9.6.10

Dearest Dentist,

As I sat in the lobby of the dentist's office the other day, I was privileged to be the only one there for about thirty seconds. Within the next two minutes, almost all the chairs - there were nine chairs - were filled. I took note of the order the chairs were filled, and the results came as no surprise to me. As one by one, teenagers sat down, they took every other chair to start with. Once those are taken, they look at gender or size. If it was a boy walking in, he would probably sit with the guys. I say probably because this has happened everytime I observe, except for the other day when a guy sat next to me to sit at an end chair instead of sitting between two guys that looked close to the same age.
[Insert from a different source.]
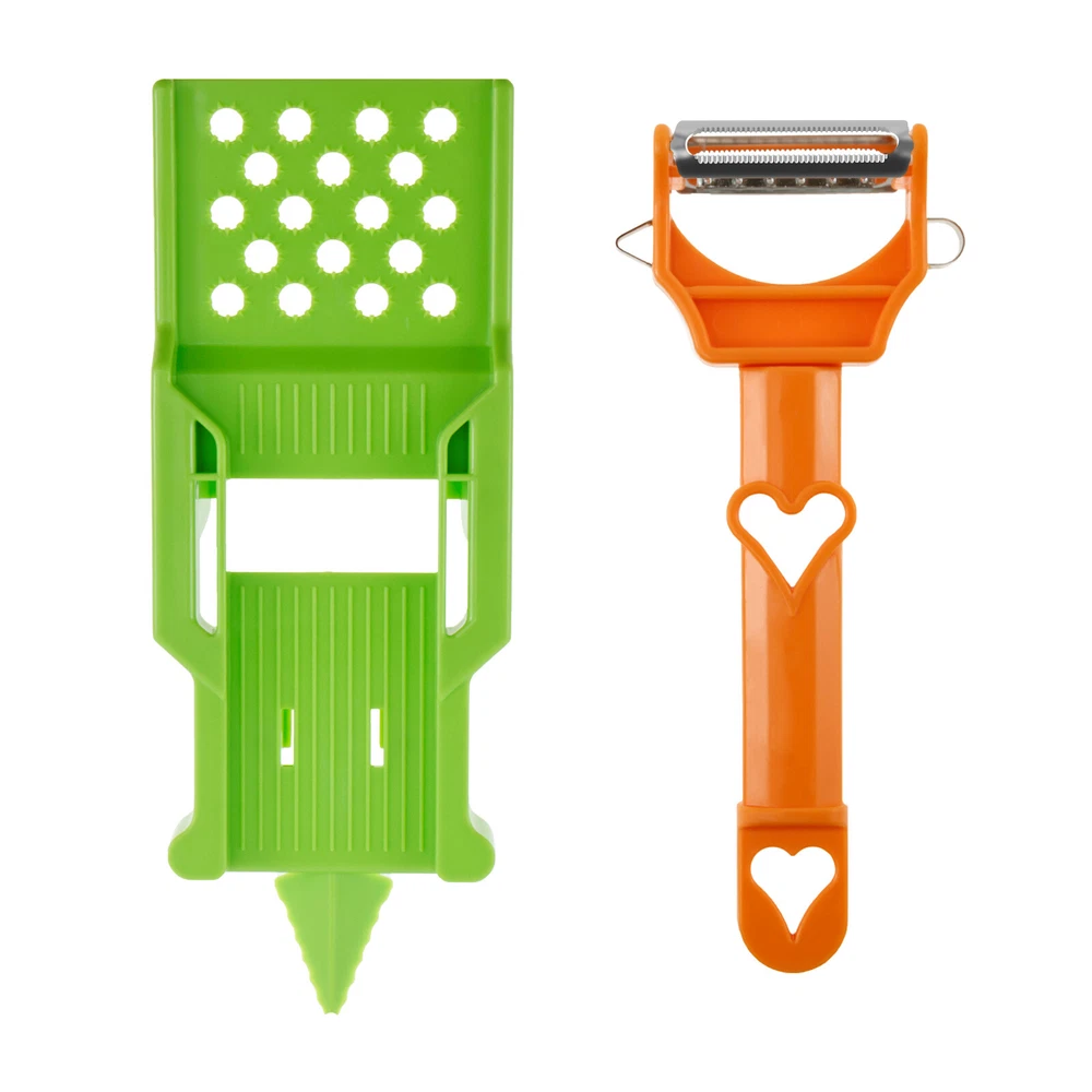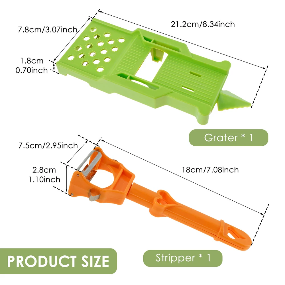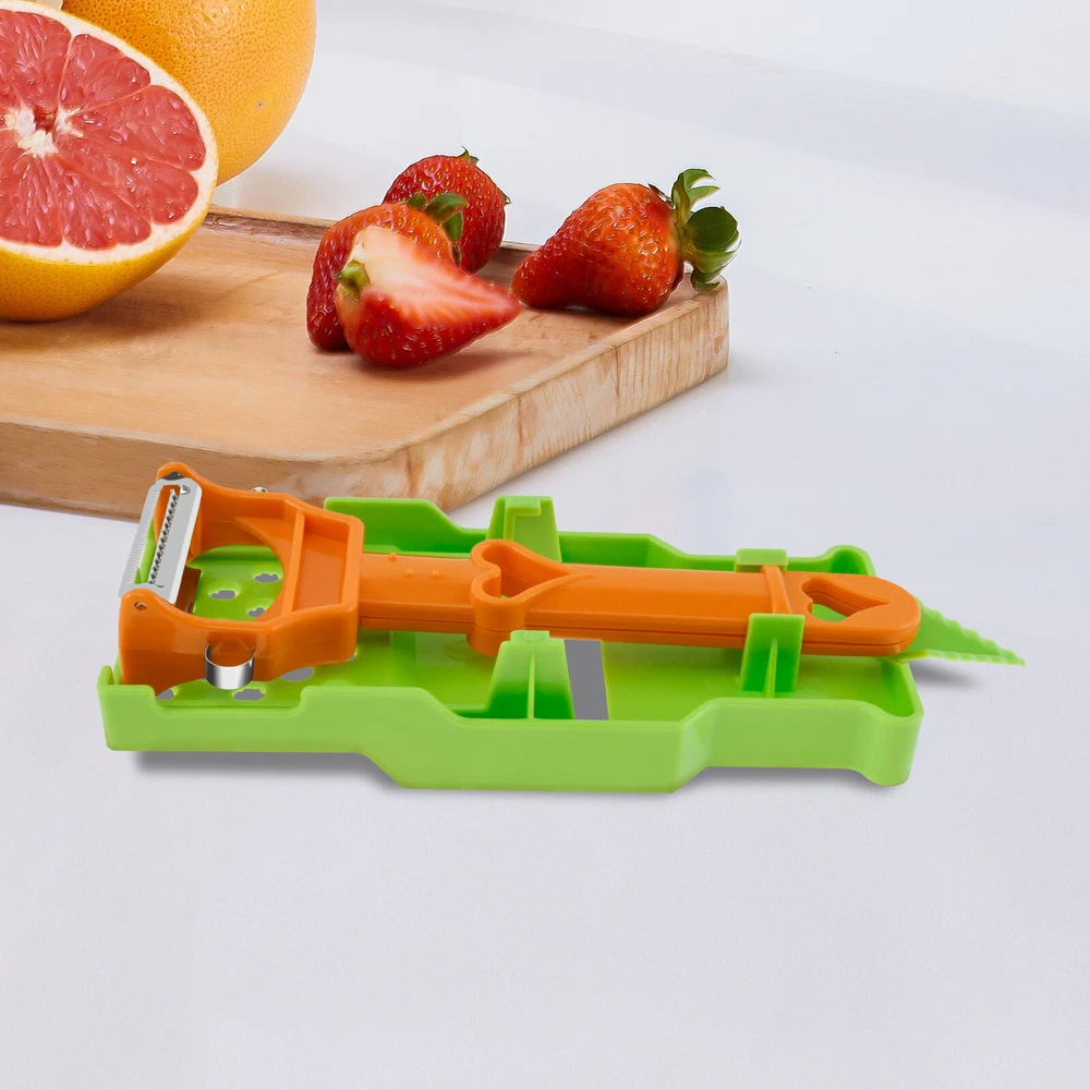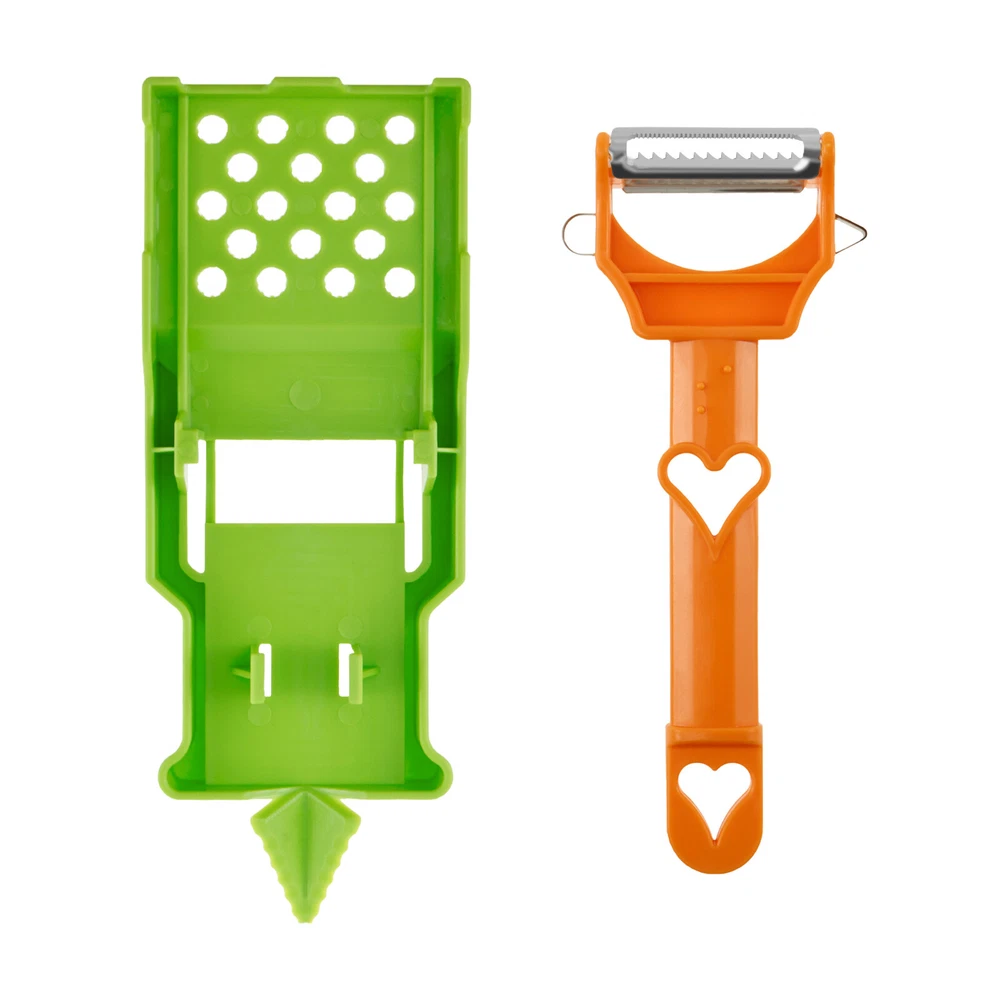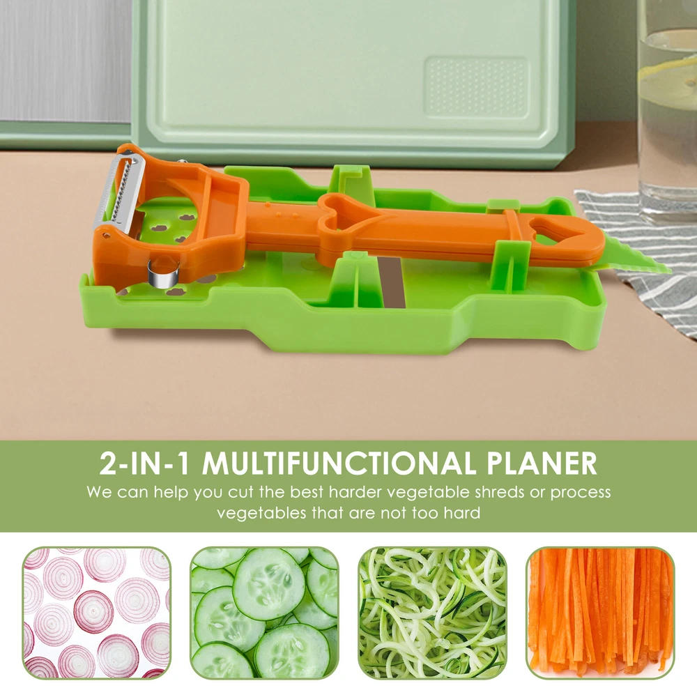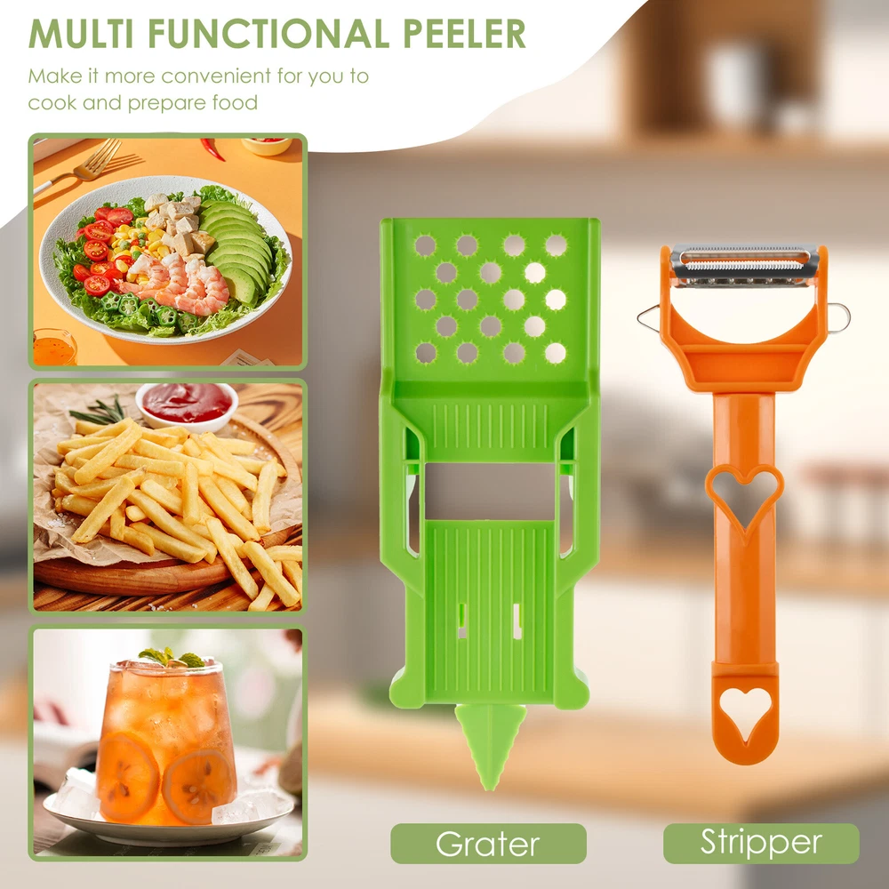 Parts List: 1 x Peeler 1 x Shredder Highlight description: Comfortable and Elegant Design: Manageable size and ergonomic design for comfortable use allows customized cutting style to your liking. Pairs well with making fruit salad bowls; French fries; Margarita drinks, any substance that needs to be peeled Multifunctional Peeler: With multiple functions such as slicing and shredding, the multi peeler makes you more convenient when cooking and preparing food. Whether you are cutting fruits or vegetables, it can meet your various needs Easy to Clean: With split design, the multi potato peeler is a compact and removable product. This design makes cleaning a breeze. Simply rinse it with water to finish it, saving your time and energy Saving Time: Designed with two way blade, you can slice or grind back and forth at the same time, helping you process ingredients faster and more accurately than using traditional methods, assisting you to achieve efficient kitchen work Adaptable: The multifunctional peeler can help you cut the best julienne strips of tougher vegetables, such as carrots or radishes. Or it can also process less hard vegetables, such as cucumbers Detailed description: Description: Our multi peeler has a manageable size and an ergonomic design that is comfortable to use. It has a variety of functions such as slicing and shredding, providing practicality and convenience in your daily cooking. It is compact and removable, making cleaning a breeze. It is a must have kitchen tool to assist you in achieving efficient kitchen work. Key Feature: Gift Idea: Our multifunctional peeler has a variety of functions such as slicing and shredding. Whether you are cutting fruits or vegetables, it can meet your various needs. This is a very practical and reliable kitchen tool, ideal as a gift for someone who loves to cook. Specification: Product Name: Multi Peeler Size: Peeler: 18x7.5x2.8cm/7.08x2.95x1.1inch Shredder: 21.2x7.8x1.8cm/8.34x 3.07x0.7inch Material: Plastic Color: Orange+Green Note: 1.There may be slight differences between the picture and the actual color of the commodity. We will try our best to show you the exact color. 2.Please allow slight dimension difference due to manual measurement.

A younger child would walk in everyonce in a while with their parents. If their was only one chair with two empty chairs on either side, the parent would take the one farthest away from people and make their child sit beside them next to a stranger. I also noted that almost everyone had their cell phone out either texting or pretending to text. Everyone tried to aviod eye contact, no one looking at anyone else in the room. It was silent and no one made any attempt at conversation. The younger kids, however, would look around quite freely. There was nothing wrong with looking around. There was nothing wrong with talking. Nothing wrong with choosing a seat next to someone instead of having empty chairs on either side of you. Younger ones tend to be more outgoing than the older ones - in theis case, teens. I think it would be better if people were more like younger ones, and not feel akward as you waited not-so-patiently for a dentist to call your name so you can leave the stillness of the room, escape the tenseness.